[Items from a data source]
**********
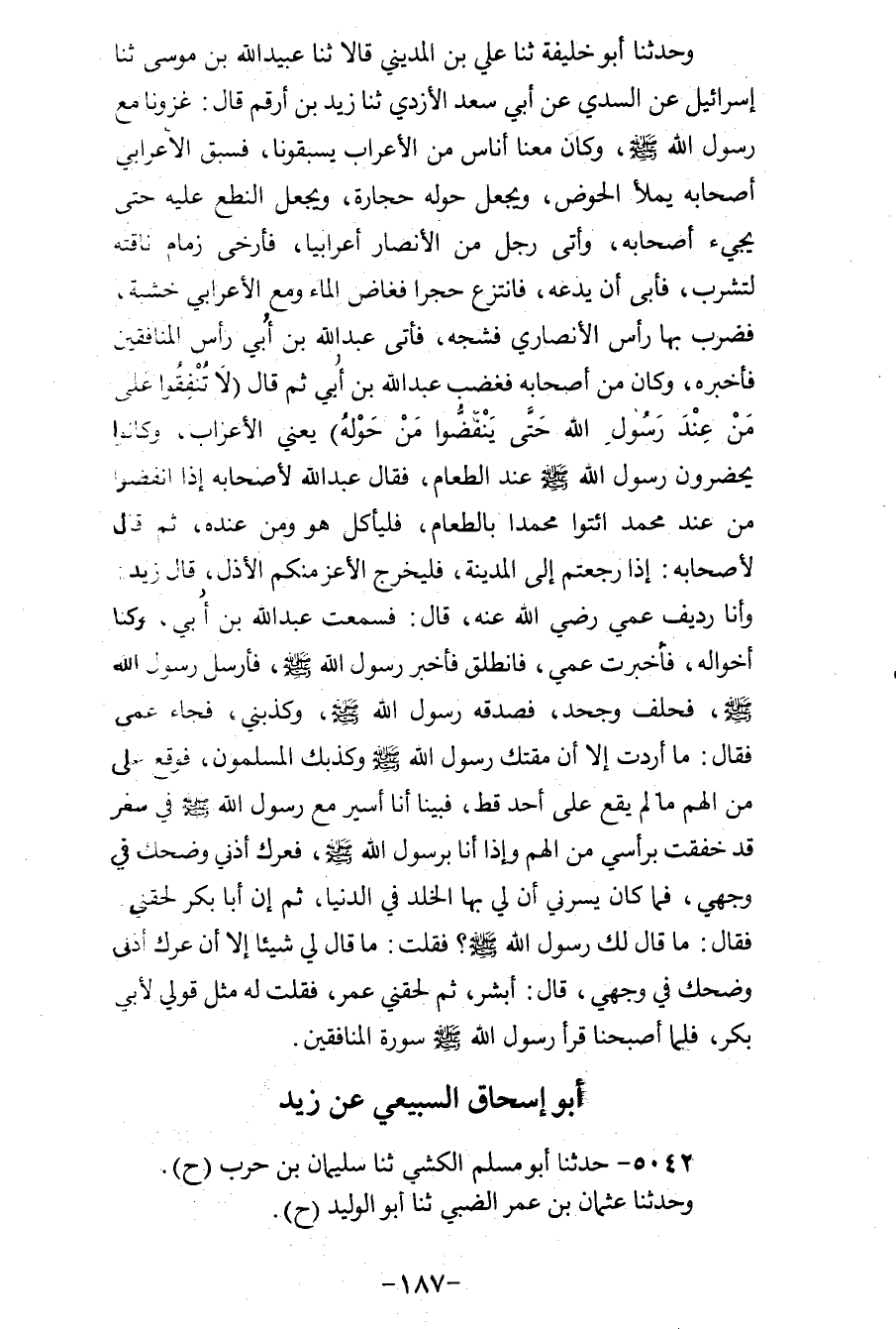 5042 - حَدَّثَنَا أَبُو مُسْلِمٍ الْكَشِّيُّ، ثنا سُلَيْمَانُ بْنُ حَرْبٍ، ح وَحَدَّثَنَا عُثْمَانُ بْنُ عُمَرَ الضَّبِّيُّ، ثنا أَبُو الْوَلِيدِ، ح وَحَدَّثَنَا أَبُو خَلِيفَةَ، ثنا أَبُو الْوَلِيدِ، وَمُحَمَّدُ بْنُ كَثِيرٍ، قَالُوا: ثنا شُعْبَةُ، عَنْ أَبِي إِسْحَاقَ، قَالَ: خَرَجَ النَّاسُ يَسْتَسْقُونَ وَخَرَجَ فِيهِمْ زَيْدُ بْنُ أَرْقَمَ، فَدَنَوْتُ إِلَيْهِ، فَقُلْتُ: §كَمْ غَزَا رَسُولُ اللهِ صَلَّى اللهُ عَلَيْهِ وَسَلَّمَ؟ قَالَ: «تِسْعَ عَشْرَةَ غَزْوَةً» ، قُلْتُ: كَمْ غَزَوْتَ مَعَهُ؟ قَالَ: «سَبْعَ عَشْرَةَ غَزْوَةً» ، قَالَ: «وَصَلَّى بِالنَّاسِ رَكْعَتَيْنِ» - زَادَ أَبُو الْوَلِيدِ فِي حَدِيثِهِ - قُلْتُ: مَا أَوَّلُ مَا غَزَا رَسُولُ اللهِ صَلَّى اللهُ عَلَيْهِ وَسَلَّمَ؟ قَالَ: «ذَا الْعَشِيرَةِ أَوْ ذَا الْعُسَيْرَةِ»
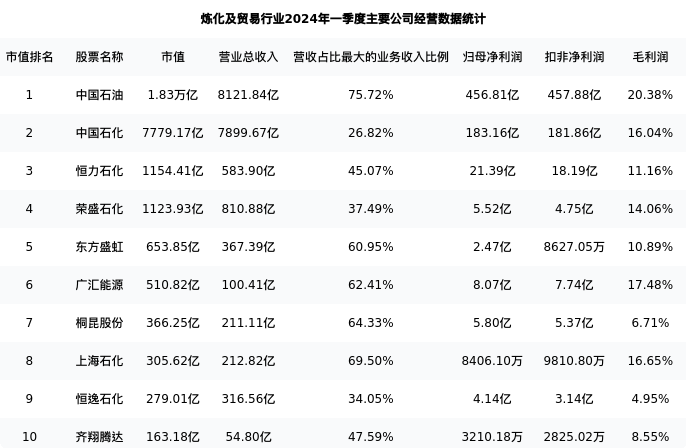 恒逸石化最新报告期数据为一季度,下表汇总了炼化及贸易行业内市值靠前的公司一季度主要经营数据
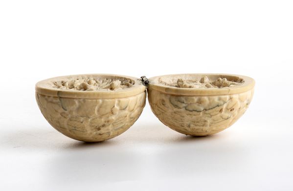 Openable spherical diptychs were essentially manufactured in France and Germany between the 18th and 19th centuries, taking up the tradition of the Prayer nuts. The English term Prayer nut or Prayer beads is derived from equivalent Dutch word gebedsnoot, and took on common usage in the 18th century. The use of the word "nut" may come from the fact that some of the beads were actually carved from nuts or pits, practice in medieval southern Germany. They are typically openable into halves and carved inside of highly detailed and intricate Christian religious scenes or historical Scene. Their size varies between the 2 and 5 cm in diameter, mostly the same shape, decorated on the outside with carved openwork Gothic tracery and flower-heads. They often contain central scenes depicting episodes from the life of Mary or the Passion of Jesus and in some instances, they contain carved inscriptions usually related to the meaning of the narrative.
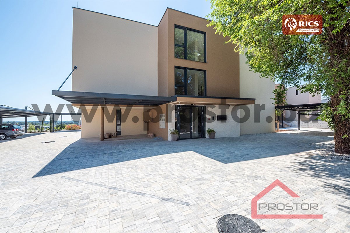 Stambena površina ovog apartmana bez terase iznosi 77,10 m2, dok je površina terase 10,68 m2. Uz apartman se kupuje i ostava i parking mjesto, tako da je ukupna netto površina svih etažnih djelova 94,05 m2.
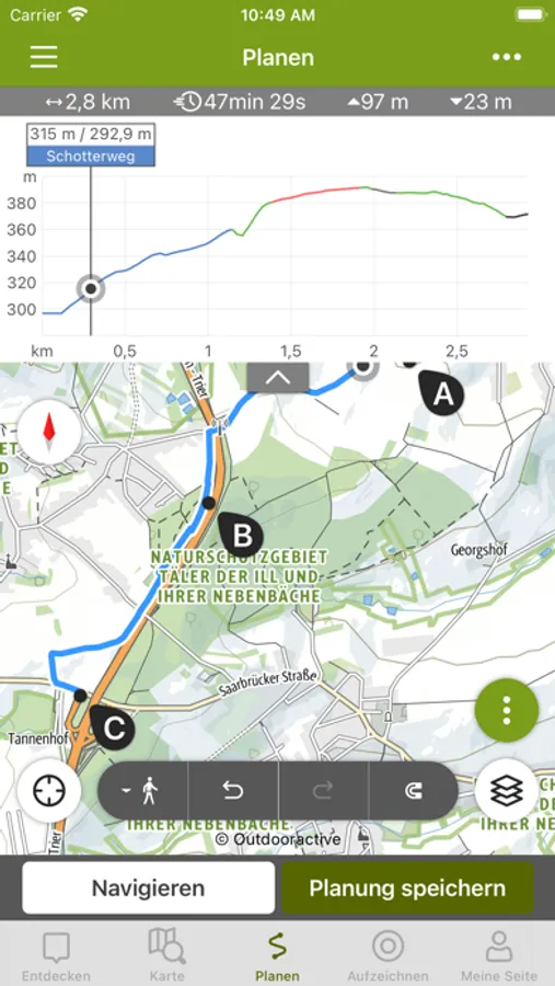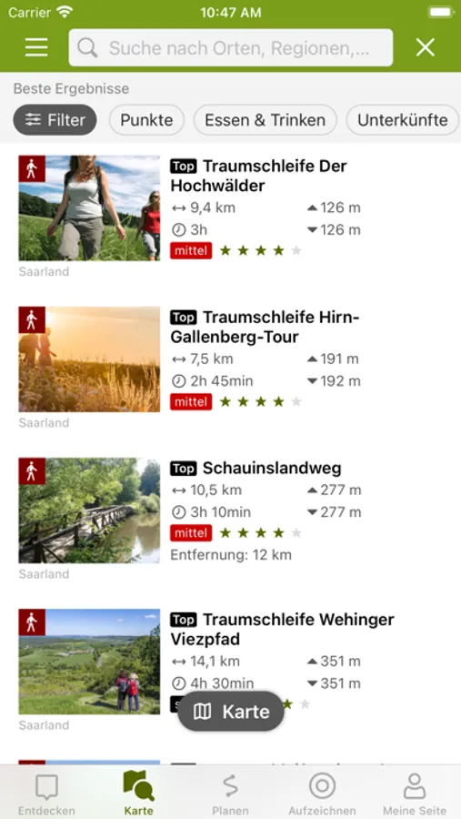 Alle Touren und die Karte können Sie selbstverständlich bequem im WLAN-Bereich offline speichern und benötigen somit kein Mobilfunknetz im Gelände auf Ihrer Tour! Sie können auch eine eigene Tour aufzeichnen und diese dann später an Freunde und Familie senden.
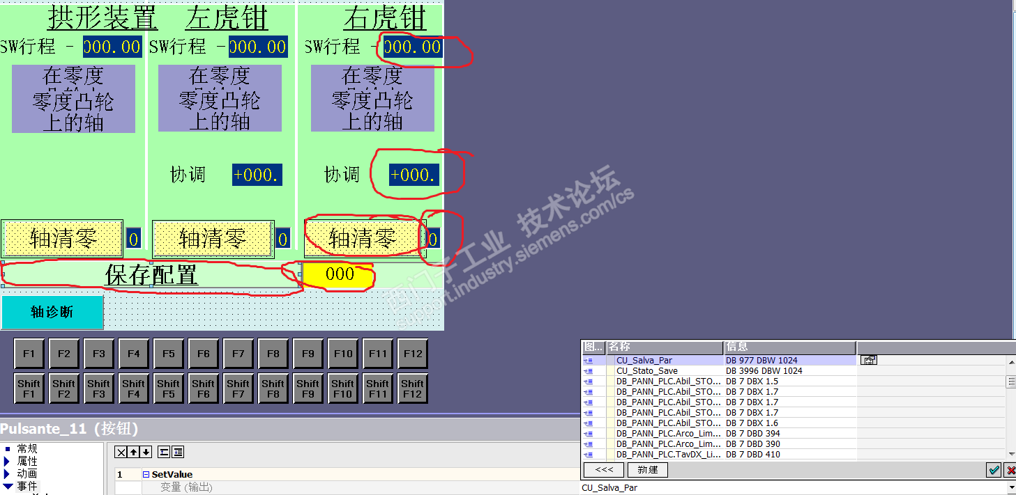 触摸屏这边需要关联的参数为DB2581.DBD4096.这样就可以通过触摸屏直接对S120的相关参数进行修改,以达到限位调整的目的。同理可对各轴正负限位做出调整。
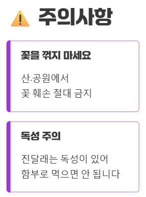 - 환경 보호: 진달래는 눈으로만 즐기고, 꽃을 꺾거나 쓰레기를 버리지 않아 아름다운 자연을 보호해야 합니다.
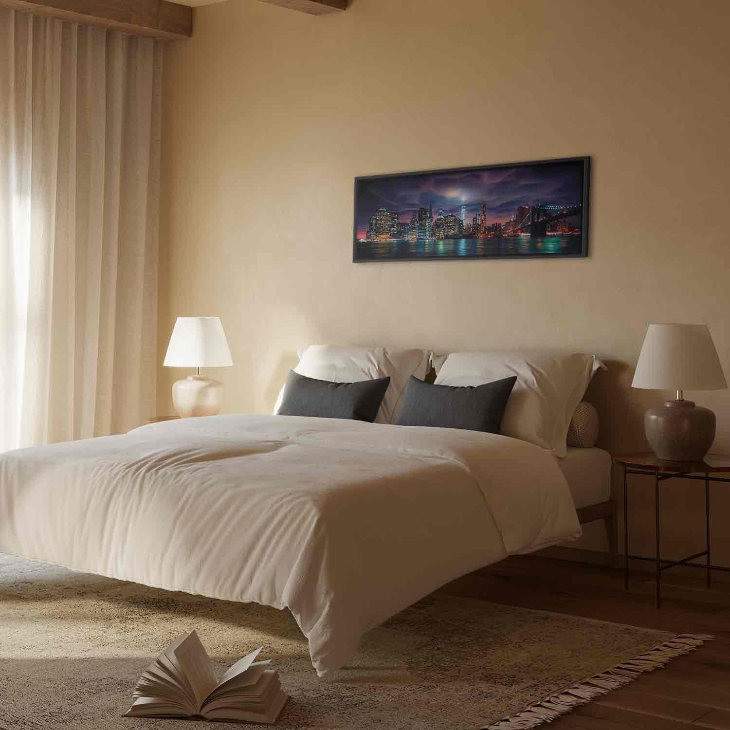 Unsere Bilder sind sicher und geruchsneutral und eignen sich daher ideal für Kinderzimmer. Die Größe wird Ihr Kind sicher beeindrucken! Bilder für Schlafzimmer sind ein echter Blickfang, genauso wie Bilder Wohnzimmer. Dekorieren Sie die Wände in Ihrem privaten Bereich mit einem Bild "Leinwandbild - New York: Dark City". Wir empfehlen Bilder für Schlafzimmer , die Sie beruhigen und in eine erholsame Stimmung versetzen. Bilder aus unserer Kollektion werden Ihrem Interieur eine außergewöhnliche Atmosphäre verleihen. Unabhängig vom Raum schaffen auch Kunst Bilder eine gemütliche Atmosphäre für die Gäste. Massive Holzrahmen unterstreichen den einzigartigen Charakter der Schlafzimmerbilder, und ein schneller und sicherer Versand ist ein weiterer Vorteil, der für diese Wanddekorationen spricht Leinwandbilder sind in fünf Varianten erhältlich, sodass jeder Kunde die perfekte Option für seine Bedürfnisse findet.Die Variante auf Strukturleinwand (Standard) ist eine universelle Dekoration, die das Haushaltsbudget nicht belastet.Für Liebhaber edler Materialien ist ein Druck auf italienischer Leinwand aus 100 % Baumwolle die ideale Wahl.Und für Fans der Malerei? Hier überzeugt die außergewöhnliche Premium-Print-Technik – ein Bild, das auf Strukturleinwand gedruckt und von Hand mit einer Schicht transparenten Gels überzogen wird, die die Pinselstriche eines Künstlers imitiert – ein „wie gemalt“-Effekt, aber zu einem günstigeren Preis.Die Variante im soliden Holzrahmen des Typs American Box mit Tiefeneffekt (zwei Rahmenfarben zur Auswahl, Motiv auf Strukturleinwand gedruckt) bietet eine klassische Lösung in neuer Form.Das Akustikbild (Druck auf Strukturleinwand mit einer zusätzlichen Schicht schallabsorbierendem Schaumstoff) ist dagegen ein Volltreffer für alle, die Ästhetik mit Funktionalität verbinden möchten.Zwar sind die beiden letzten Optionen nur für bestimmte Größen von einteiligen Bildern verfügbar, doch bei allen Varianten legen wir GRATIS die erforderliche Anzahl an Haken und Nägeln zur Montage bei.
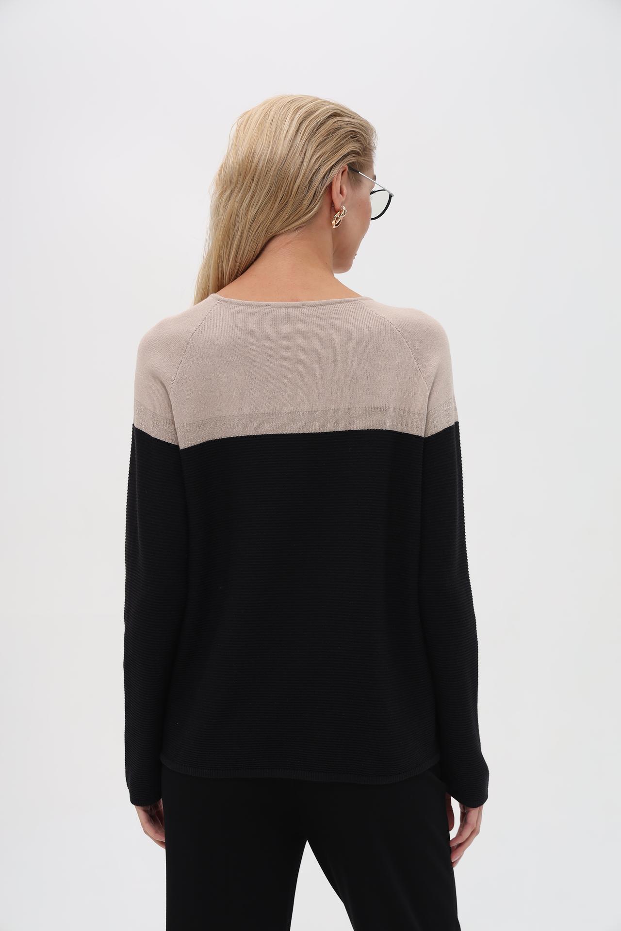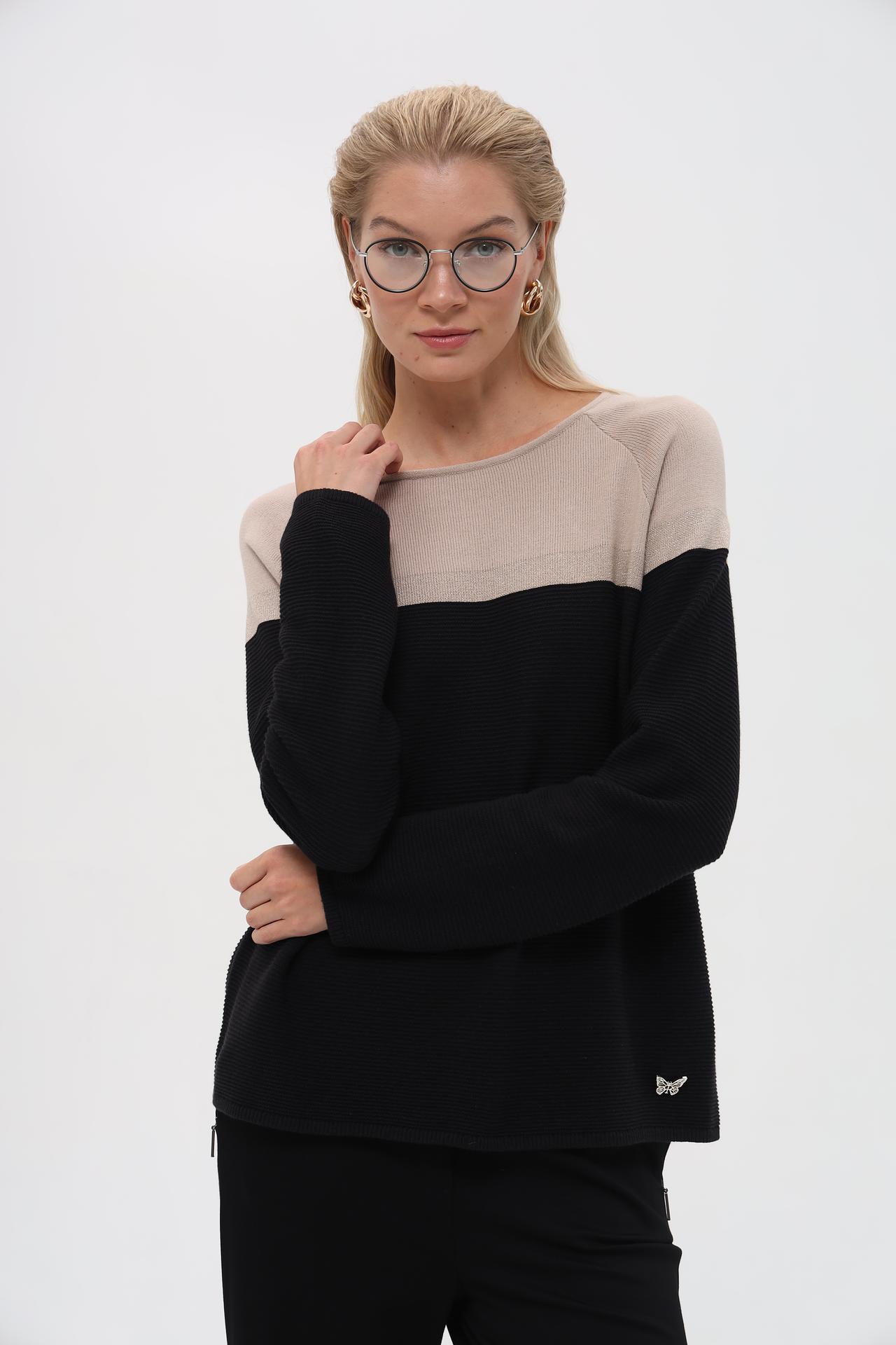 Верхняя часть пуловера выполнена в нежном бежевом цвете с деликатной серебристой нитью, создающей эффект мерцания. Нижняя часть и рукава — в глубоком черном цвете с фактурной вязкой, добавляющей текстуру и глубину.
**********
From the first line above down to the line with "恒逸石化最新报告期数据为一季", reproduce every line and no others, omitting pictures.

 5042 - حَدَّثَنَا أَبُو مُسْلِمٍ الْكَشِّيُّ، ثنا سُلَيْمَانُ بْنُ حَرْبٍ، ح وَحَدَّثَنَا عُثْمَانُ بْنُ عُمَرَ الضَّبِّيُّ، ثنا أَبُو الْوَلِيدِ، ح وَحَدَّثَنَا أَبُو خَلِيفَةَ، ثنا أَبُو الْوَلِيدِ، وَمُحَمَّدُ بْنُ كَثِيرٍ، قَالُوا: ثنا شُعْبَةُ، عَنْ أَبِي إِسْحَاقَ، قَالَ: خَرَجَ النَّاسُ يَسْتَسْقُونَ وَخَرَجَ فِيهِمْ زَيْدُ بْنُ أَرْقَمَ، فَدَنَوْتُ إِلَيْهِ، فَقُلْتُ: §كَمْ غَزَا رَسُولُ اللهِ صَلَّى اللهُ عَلَيْهِ وَسَلَّمَ؟ قَالَ: «تِسْعَ عَشْرَةَ غَزْوَةً» ، قُلْتُ: كَمْ غَزَوْتَ مَعَهُ؟ قَالَ: «سَبْعَ عَشْرَةَ غَزْوَةً» ، قَالَ: «وَصَلَّى بِالنَّاسِ رَكْعَتَيْنِ» - زَادَ أَبُو الْوَلِيدِ فِي حَدِيثِهِ - قُلْتُ: مَا أَوَّلُ مَا غَزَا رَسُولُ اللهِ صَلَّى اللهُ عَلَيْهِ وَسَلَّمَ؟ قَالَ: «ذَا الْعَشِيرَةِ أَوْ ذَا الْعُسَيْرَةِ»
 恒逸石化最新报告期数据为一季度,下表汇总了炼化及贸易行业内市值靠前的公司一季度主要经营数据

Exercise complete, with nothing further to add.